Many patients do NOT get on well with Teva brand of Levothyroxine. Teva contains mannitol as a filler, which seems to be possible cause of problems. Teva is the only brand that makes 75mcg tablet. So if avoiding Teva for 75mcg dose ask for 25mcg to add to 50mcg or just extra 50mcg tablets to cut in half
Teva, Aristo and Glenmark are the only lactose free tablets
Most easily available (and often most easily tolerated) are Mercury Pharma or Accord
Note Accord is also boxed as Almus via Boots, and Northstar 50mcg and 100mcg via Lloyds ....but beware 25mcg Northstar is Teva
Physicians should: 1) alert patients that preparations may be switched at the pharmacy; 2) encourage patients to ask to remain on the same preparation at every pharmacy refill; and 3) make sure patients understand the need to have their TSH retested and the potential for dosing readjusted every time their LT4 preparation is switched (18).
Levothyroxine is an extremely fussy hormone and should always be taken on an empty stomach and then nothing apart from water for at least an hour after
Many people take Levothyroxine soon after waking, but it may be more convenient and perhaps more effective taken at bedtime
No other medication or supplements at same as Levothyroxine, leave at least 2 hour gap.
Some like iron, calcium, magnesium, HRT, omeprazole or vitamin D should be four hours away
(Time gap doesn't apply to Vitamin D mouth spray)
If you normally take levothyroxine at bedtime/in night ...adjust timings as follows prior to blood test
If testing Monday morning, delay Saturday evening dose levothyroxine until Sunday morning. Delay Sunday evening dose levothyroxine until after blood test on Monday morning. Take Monday evening dose levothyroxine as per normal
Unless very petite you are likely to need further increase in levothyroxine in coming year
guidelines on dose levothyroxine by weight
Even if we don’t start on full replacement dose, most people need to increase levothyroxine dose slowly upwards in 25mcg steps (retesting 6-8 weeks after each increase) until on, or near full replacement dose
Consider starting levothyroxine at a dosage of 1.6 micrograms per kilogram of body weight per day (rounded to the nearest 25 micrograms) for adults under 65 with primary hypothyroidism and no history of cardiovascular disease.

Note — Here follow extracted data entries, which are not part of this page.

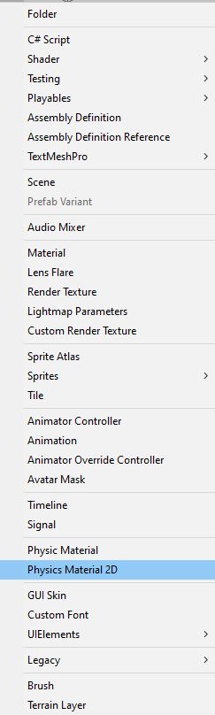 Wähle dafür im Projektfenster Create–>Physics Material 2D
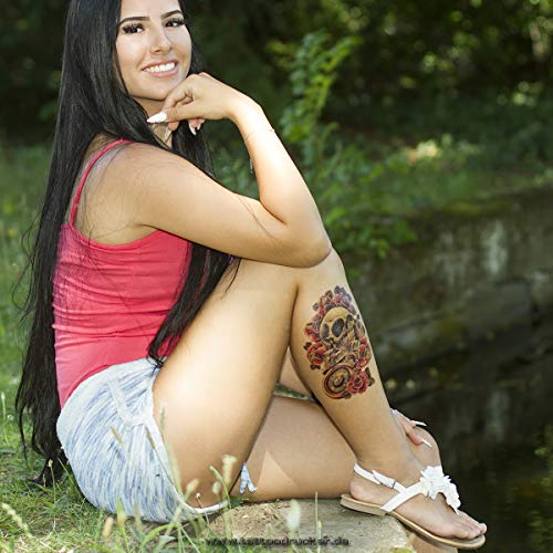1 x Tatuaggio di Halloween per uomini e donne cranio colorato con rose e Libertà autoadesivo del tatuaggio - Skull, Roses, Libertà
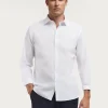 Camisa confeccionada en algodón con cuello de solapa, manga larga con puños simples y logo de la marca grabado en el frontal al tono. Corte regular fit.
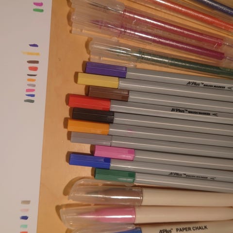 Myyn samassa setissä myös Ohuhun Akaka-akryylitussit. Joitakin tusseja on käytetty paljon, mikä voi näkyä varsinkin sivellin kärjessä. Tusseissa tosiaan sivellin ja hieno kärki. Tussien kunto välillä tyydyttävä-erittäin hyvä, riippuen tussista.
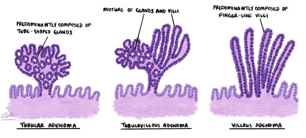 Option A is incorrect because tubular adenomas have a lower malignant potential compared to villous or tubulo-villous adenomas.

Traditionally we have tended to start patients on a low dose of levothyroxine and titrate it up over a period of months.
RCT evidence suggests that for the majority of patients this is not necessary and may waste resources.
For patients aged >60y or with ischaemic heart disease, start levothyroxine at 25–50μg daily and titrate up every 3 to 6 weeks as tolerated.

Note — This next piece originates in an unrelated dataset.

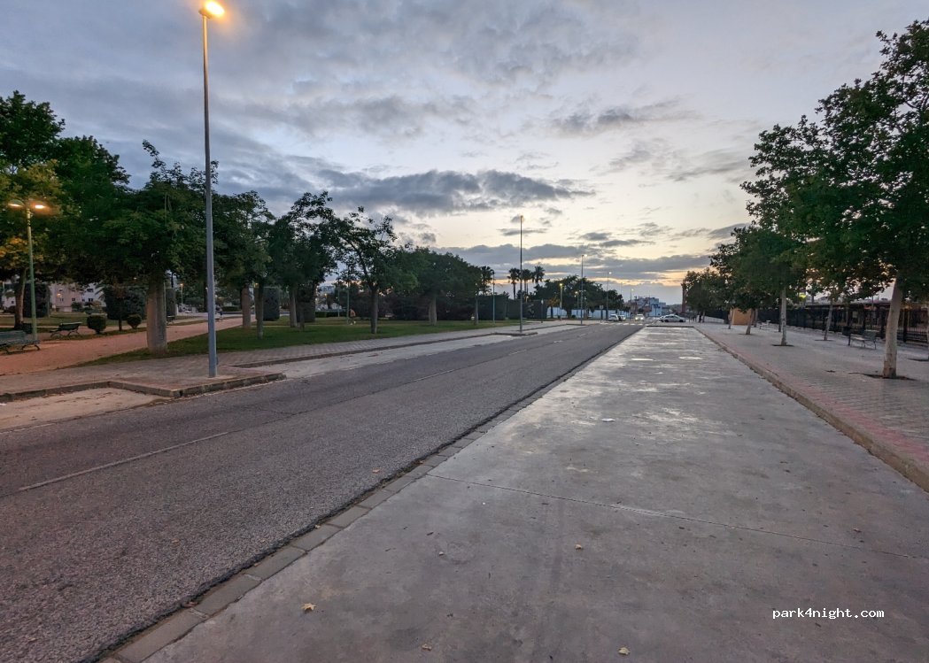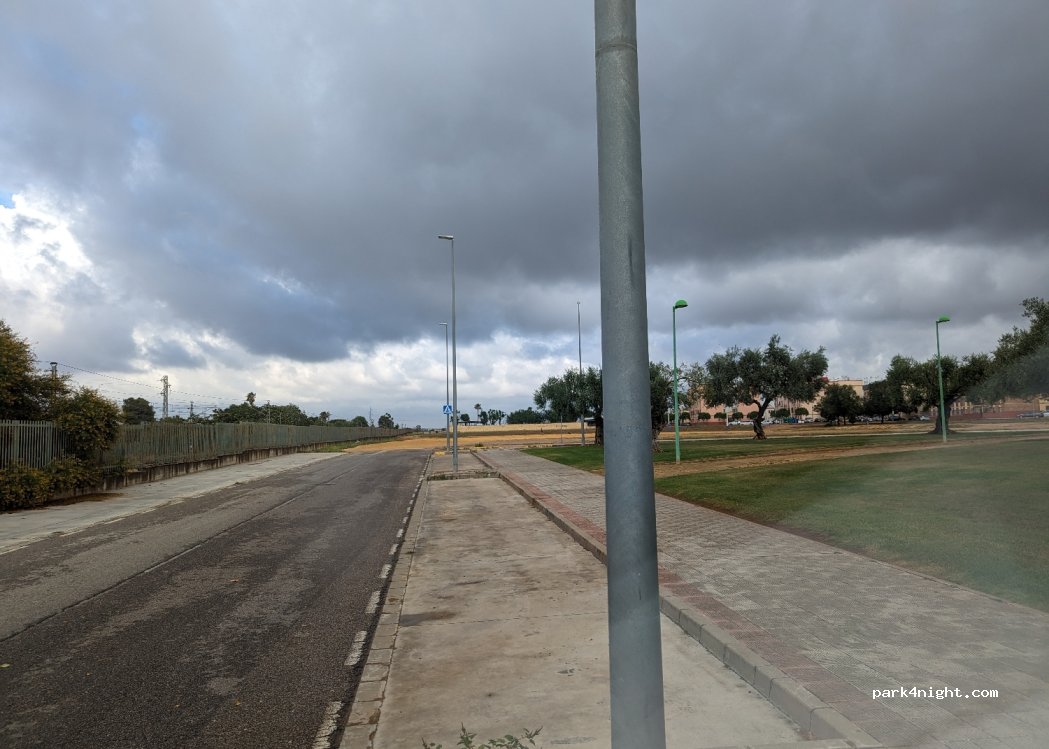 Lots of space by the evening. Perfect spot to catch the C1 train to Seville, only 30 mins away €3.60 return per person. Then get the tram T1, €1.50, one stop before the terminus is where you’ll find the cathedral. Stayed the night before the train trip, couldn’t sleep. The road is quiet enough, but the dogs! They barked all night long.

For ALL other patients start at full replacement dose. For most this will equate to 1.6 μg/kg/day (approximately 100μg for a 60kg woman and 125μg for a 75kg man).
If you are starting treatment for subclinical hypothyroidism, this article advises starting at a dose close to the full treatment dose on the basis that it is difficult to assess symptom response unless a therapeutic dose has been trialled.
A small Dutch double-blind cross-over study (ArchIntMed 2010;170:1996) demonstrated that night time rather than morning dosing improved TSH suppression and free T4 measurements, but made no difference to subjective wellbeing. It is reasonable to take levothyroxine at night rather than in the morning, especially for individuals who do not eat late at night.
I am currently my heaviest at 10st 10lbs my weight has pilled on over the years! I am around 5'7 in height too. Again I will take note and push my Drs!
Thank you sooo much! You've been a great help! I am so thankful I have found this forum/group!